[Study material]

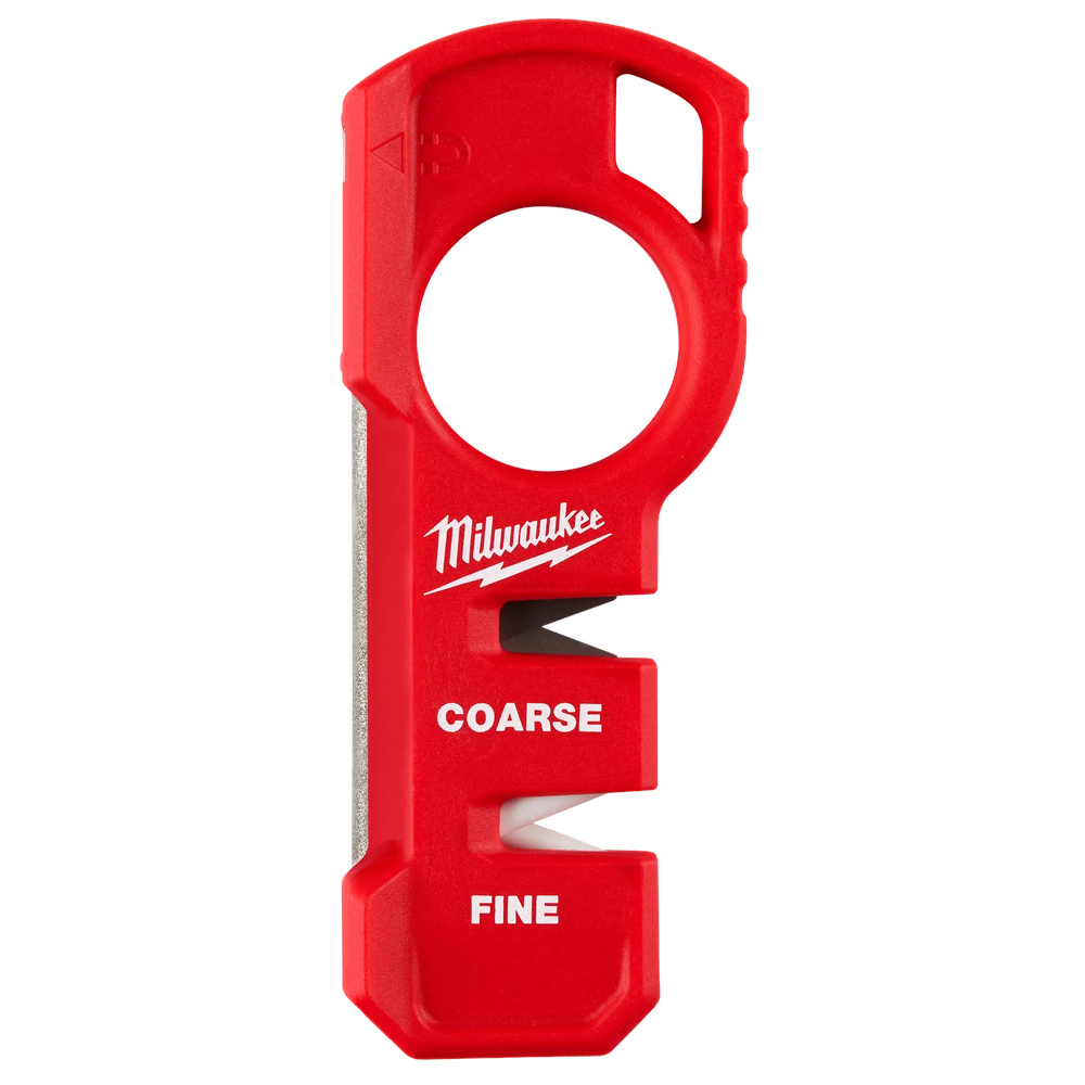 The Milwaukee Compact Knife Sharpener is a versatile jobsite tool designed to keep your blades razor-sharp with ease. It features three distinct sharpening surfaces, including coarse carbide for quick edge setting and fine ceramic for a finished polish, making it compatible with most knives. This pull-through sharpener is built for portability with a compact design that fits comfortably in a pocket or tool belt. The integrated magnetic base and tether-ready lanyard hole ensure convenient storage and safety on the jobsite.
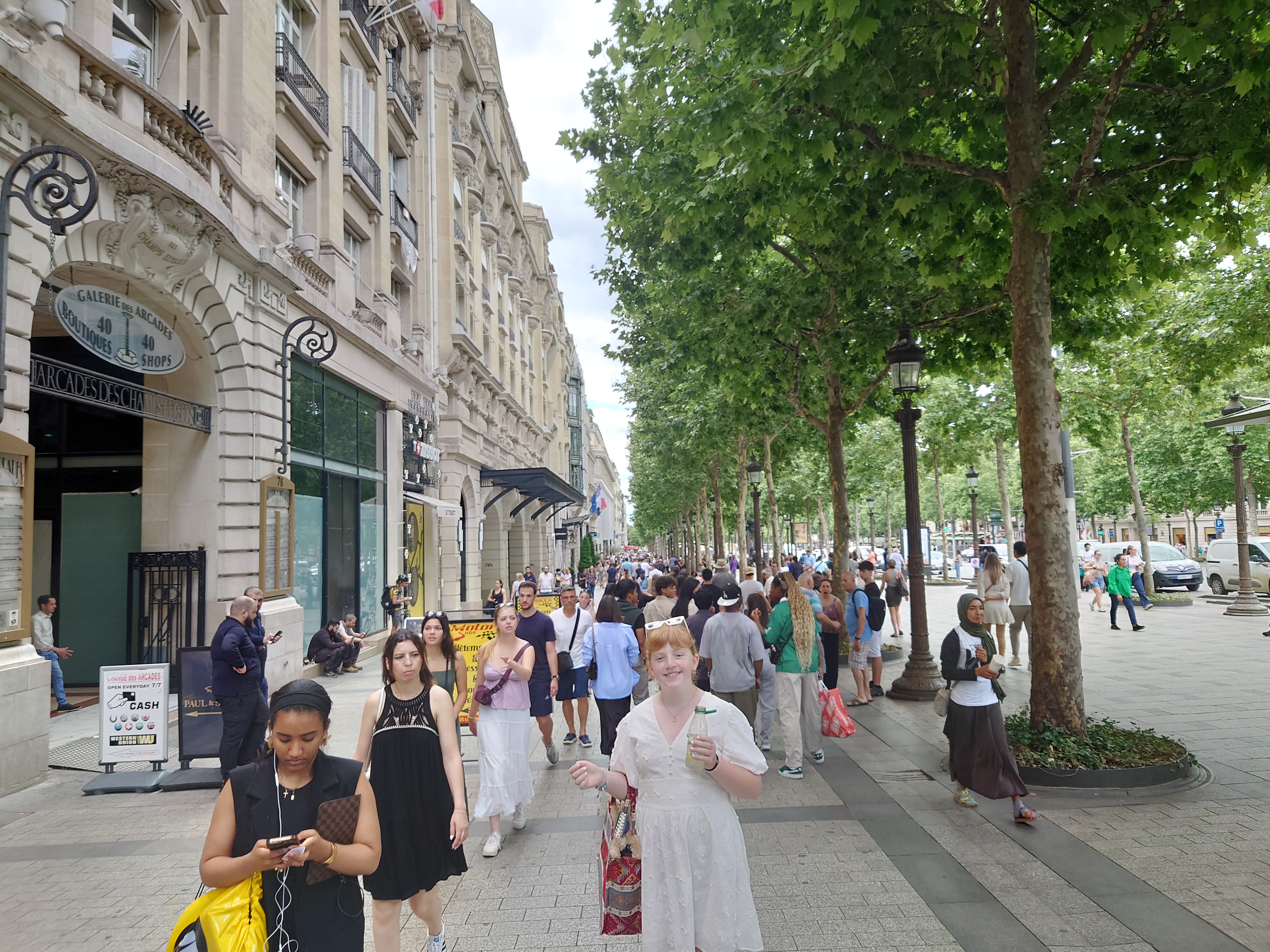 Det var ikke bare bankkortet som ble varmt, for det var over 30 grader i Paris disse dagene. Av og til et lite vindpust eller en sky som ga oss skygge. Heldigvis har de fleste butikkene og kjøpesentrene kjøling.
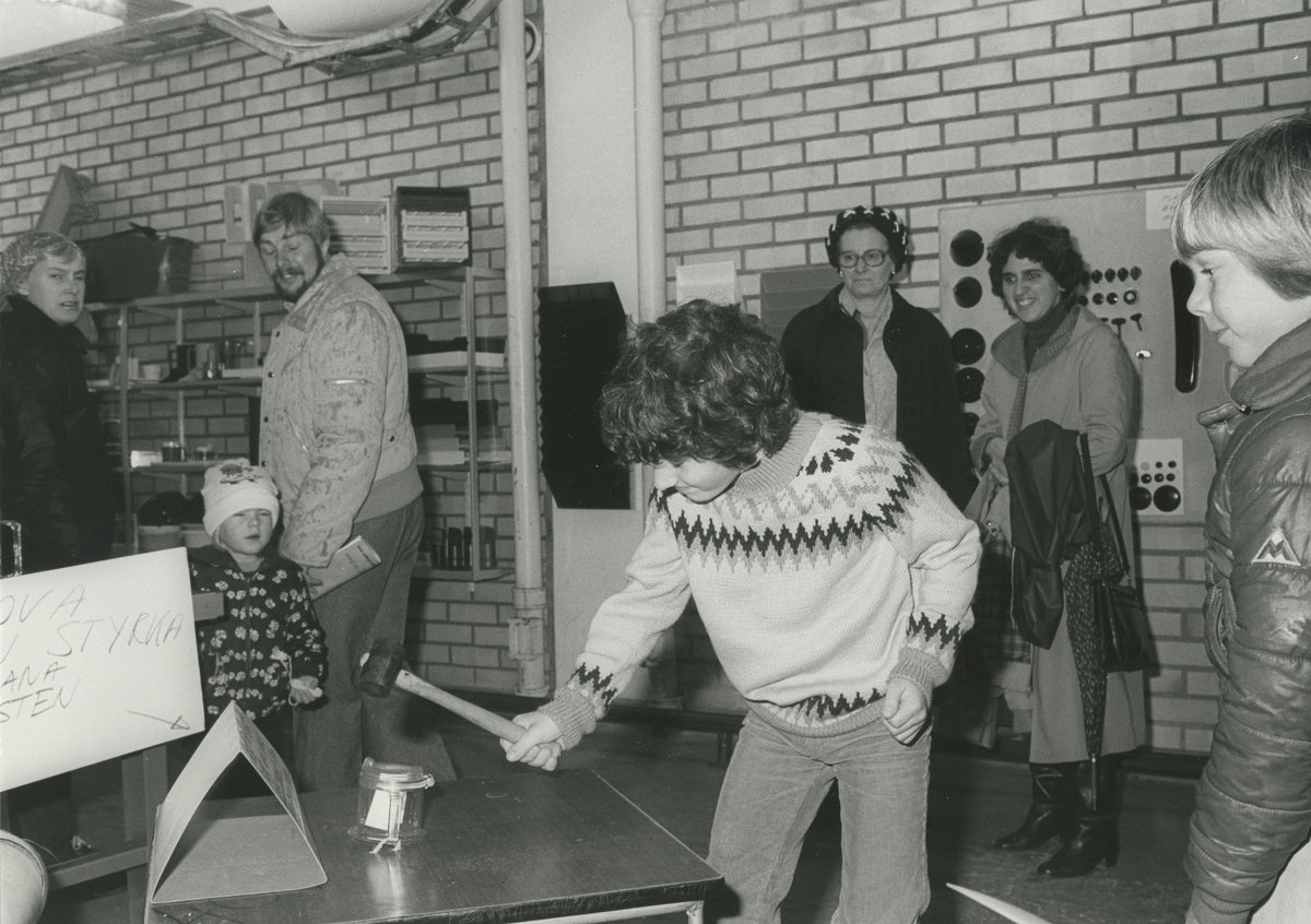 Personer: Pojke med hammare: Samuele Perini. Dam med jacka på armen, hans mamma Emiliana och bredvid Ines Marian. Man med skägg: Bengt-Åke Larsson, med fru och barn t.v.
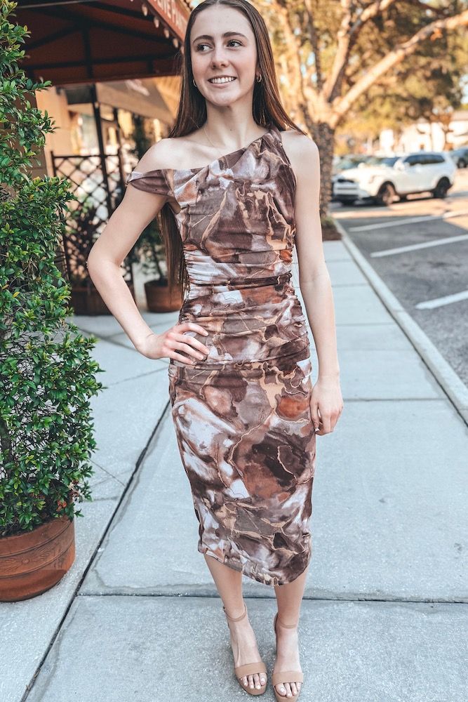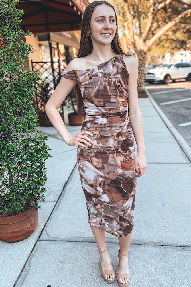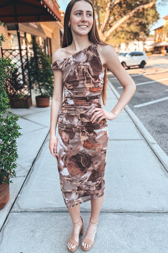 Print Twisted Shoulder Ruched Midi Dress
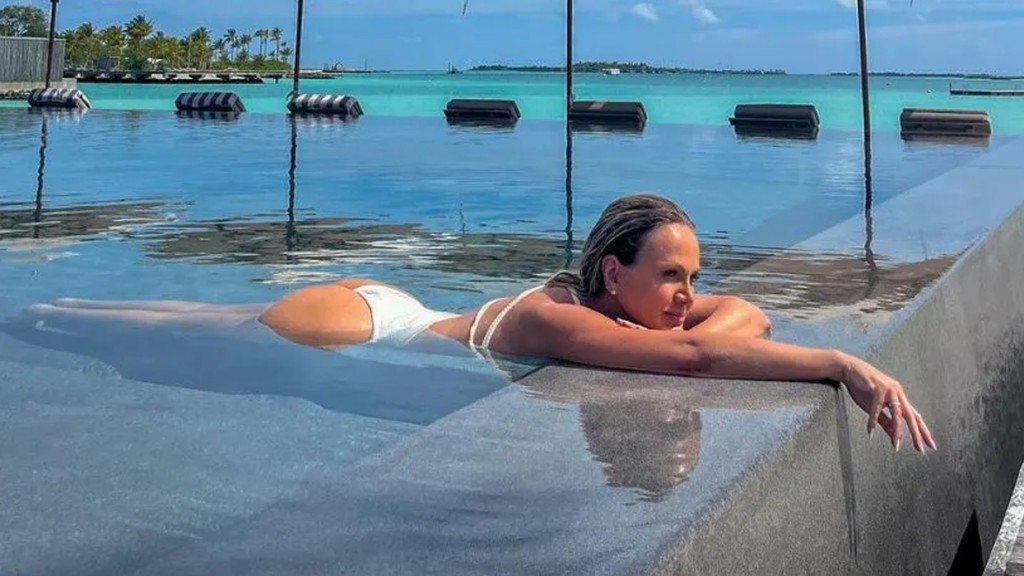 “Entrando no clima das férias….”, escreveu a apresentadora na legenda das fotos em que mostra que está com o bronzeado em dia, além do shape trincado.

[/Study material]

Write out the material above once more, word for word. Images stay out.

◆ Your response ◆
 The Milwaukee Compact Knife Sharpener is a versatile jobsite tool designed to keep your blades razor-sharp with ease. It features three distinct sharpening surfaces, including coarse carbide for quick edge setting and fine ceramic for a finished polish, making it compatible with most knives. This pull-through sharpener is built for portability with a compact design that fits comfortably in a pocket or tool belt. The integrated magnetic base and tether-ready lanyard hole ensure convenient storage and safety on the jobsite.
 Det var ikke bare bankkortet som ble varmt, for det var over 30 grader i Paris disse dagene. Av og til et lite vindpust eller en sky som ga oss skygge. Heldigvis har de fleste butikkene og kjøpesentrene kjøling.
 Personer: Pojke med hammare: Samuele Perini. Dam med jacka på armen, hans mamma Emiliana och bredvid Ines Marian. Man med skägg: Bengt-Åke Larsson, med fru och barn t.v.
 Print Twisted Shoulder Ruched Midi Dress
 “Entrando no clima das férias….”, escreveu a apresentadora na legenda das fotos em que mostra que está com o bronzeado em dia, além do shape trincado.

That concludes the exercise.